Она была помешана на древних занавесях и жалюзи под цвет обоев; красные и розовые полотенца в ванной, тогда еще, когда эти цвета считались авангардными, были призваны явить протест против заурядности и мещанства. Но особенно зримо проявлялся ее страх перед обыденностью и серостью в одежде. Когда все четверо ее дочерей подросли, она часто сопровождала отца в деловых поездках, где и высматривала странные туалеты и украшения всех мастей. Например, в театр она надевала китайские шелковые пижамы. Бенгальские браслеты украшали лодыжки ее обутых в сандалии ног. Две крошечные статуэтки Будды использовались как подвески к серьгам. Вместо нормального зонта она использовала китайское сооружение из промасленной бумаги (что было не лучшим вариантом на случай дождя). Бывало, она щеголяла в панталонах тореадора, сшитых из китайского шелка с ручной вышивкой. А уж совершенно убивало меня в годы отрочества то, что матери больше нравилось выглядеть уродливой, но экстравагантной, чем хорошенькой, но обыкновенной. Она была рослой, изумительно тонкокостной женщиной с узкими щиколотками и длинными голенями, природа одарила ее гривой длинных медно-рыжих волос, так что ее странные наряды, дополненные вызывающим гримом, усиливали ее сходство с Чарльзом Аддамси. Понятно, я бы предпочла кудрявую блондинку, одетую в норковое манто, — этакую «мамочку», любительницу бриджа, или же, на худой конец, примирилась бы со жгучей брюнеткой в туфлях Красного Креста и разноцветных очках, в качестве матери типа АРУ.

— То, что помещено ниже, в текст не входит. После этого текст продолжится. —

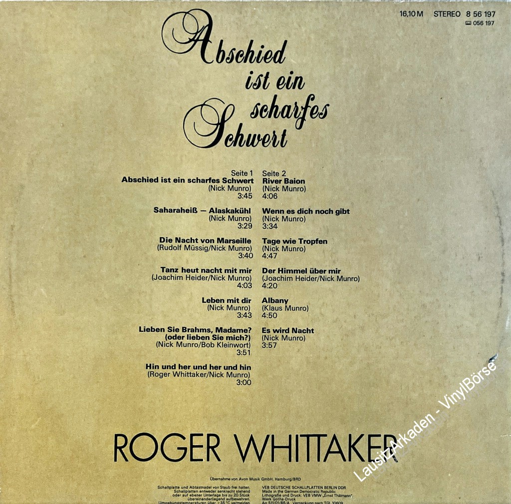Hallo liebe Vinyl-Freunde,wir bieten euch hier ein paar Stücke aus unserem Plattenladen an. Es handelt sich dabei ausschließlich um Originalware bekannter Label aus den 60er, 70er und 80er Jahren. LP - Amiga ( 856197 ) - Roger Whittaker - Abschied ist ein scharfes SchwertKlicken Sie auf das Bild um ...Weiterlesen

— Не могла бы ты надеть что-нибудь другое? — умоляла я, когда она собиралась идти на родительский день в школу в вышитых брючках тореадора, ярко-розовом шелковом свитере от Пуччи и мексиканском серапе. (Может быть, моя память кое-что утрирует — но главные идеи принадлежали, несомненно, ей). Тогда я была в седьмом классе — как раз в зените своего стремления к заурядности.

— А в чем дело? Я что-то не то ношу?

Спросила бы лучше, что было то! Перебрав ее походный гардероб, высматривая что-нибудь уютное, обычное, милое (Халатик! Шаль! Домашнее платье! Ангорская кофточка! Что-нибудь, подошедшее бы матери Бетти Крокер, Матери с большой буквы) я стала в тупик. Наряды благоухали «Джой» и китайскими курительными палочками. Там были и бархатные береты, и меховые горжетки, и брюки, и шальвар-камиз, и хлопковые пончо, и кафтаны ацтеков, и японские шелковые кимоно, и иранские твидовые бриджи, но ничего похожего на ангорский свитер.

— Я просто хотела бы, чтобы ты носила что-нибудь попроще, — робко попросила я, — что-нибудь, на что люди бы не пялились, как на седьмое чудо света.

Она пронзила меня гневным взором и выпрямилась в полный рост — 175 см.

— Так ты стесняешься своей матери? Если так оно и есть, Изадора, мне очень жаль тебя. Да-да. Нет ничего хорошего в том, чтобы походить на всех остальных. Люди просто не будут тебя уважать. Согласно последним исследованиям, люди идут за теми, кто чем-то отличается от окружающих, за теми, кто имеет смелость доверять своему собственному вкусу, а не тащится за стадом. И ты в этом убедишься. Нет ничего достойного в том, чтобы подстраиваться под давление всеобщей бульварности…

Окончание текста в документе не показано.